> _Task to complete_
Before anything else, drop the pictures; then return exactly the lines from the top of the listing through the line with "Toptan Kadın Triko".

> _Supplied information_

══════════════════════════════

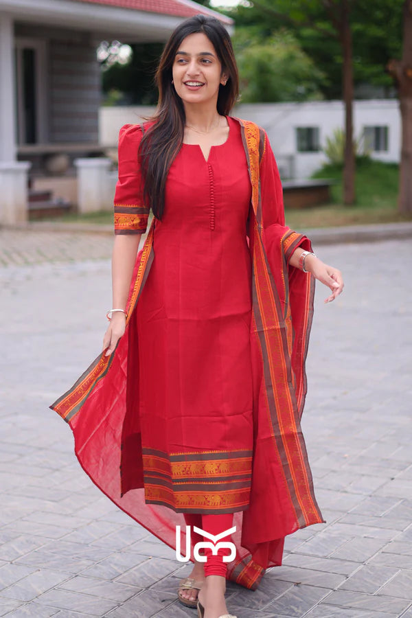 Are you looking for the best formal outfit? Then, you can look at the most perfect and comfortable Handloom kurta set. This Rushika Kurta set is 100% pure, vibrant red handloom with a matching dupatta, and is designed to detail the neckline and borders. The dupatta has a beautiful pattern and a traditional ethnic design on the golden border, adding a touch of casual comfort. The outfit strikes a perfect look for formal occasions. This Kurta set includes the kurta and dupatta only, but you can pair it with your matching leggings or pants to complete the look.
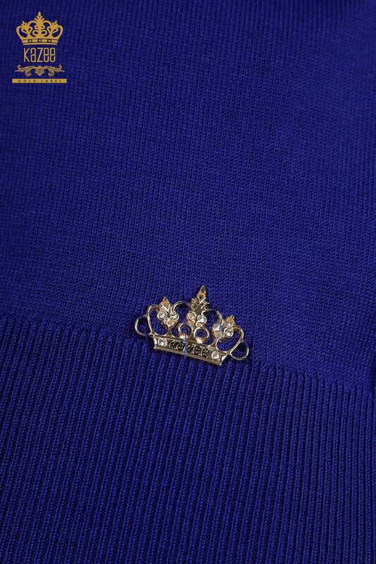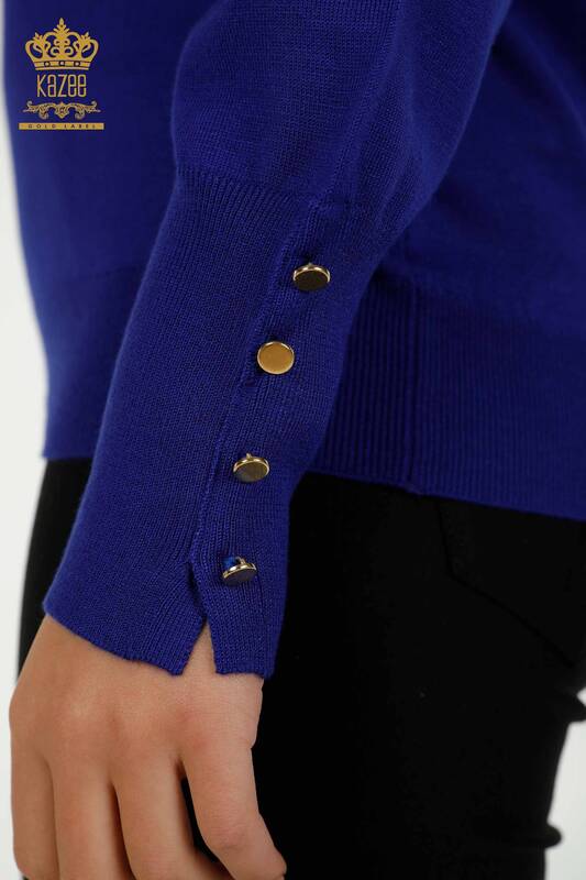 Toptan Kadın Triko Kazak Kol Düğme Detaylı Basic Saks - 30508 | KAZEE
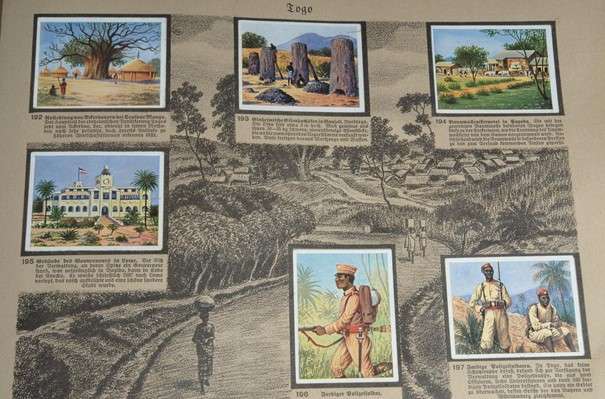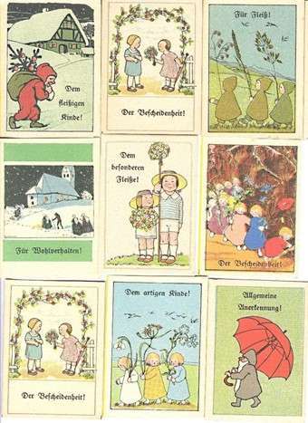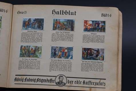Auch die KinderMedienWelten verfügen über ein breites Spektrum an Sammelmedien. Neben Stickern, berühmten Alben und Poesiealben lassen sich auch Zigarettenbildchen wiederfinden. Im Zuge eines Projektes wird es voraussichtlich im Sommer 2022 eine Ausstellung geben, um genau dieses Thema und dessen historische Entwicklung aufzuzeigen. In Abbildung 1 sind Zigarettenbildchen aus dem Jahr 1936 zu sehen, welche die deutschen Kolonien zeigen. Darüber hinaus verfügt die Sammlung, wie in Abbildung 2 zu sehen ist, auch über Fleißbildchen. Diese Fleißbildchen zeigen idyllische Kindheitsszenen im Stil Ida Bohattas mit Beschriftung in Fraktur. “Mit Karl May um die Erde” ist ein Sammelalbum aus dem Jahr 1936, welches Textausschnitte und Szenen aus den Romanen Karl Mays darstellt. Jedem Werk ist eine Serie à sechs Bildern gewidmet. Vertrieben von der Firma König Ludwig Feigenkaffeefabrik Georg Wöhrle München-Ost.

══════════════════════════════

> _Solved problem_
 Are you looking for the best formal outfit? Then, you can look at the most perfect and comfortable Handloom kurta set. This Rushika Kurta set is 100% pure, vibrant red handloom with a matching dupatta, and is designed to detail the neckline and borders. The dupatta has a beautiful pattern and a traditional ethnic design on the golden border, adding a touch of casual comfort. The outfit strikes a perfect look for formal occasions. This Kurta set includes the kurta and dupatta only, but you can pair it with your matching leggings or pants to complete the look.
 Toptan Kadın Triko Kazak Kol Düğme Detaylı Basic Saks - 30508 | KAZEE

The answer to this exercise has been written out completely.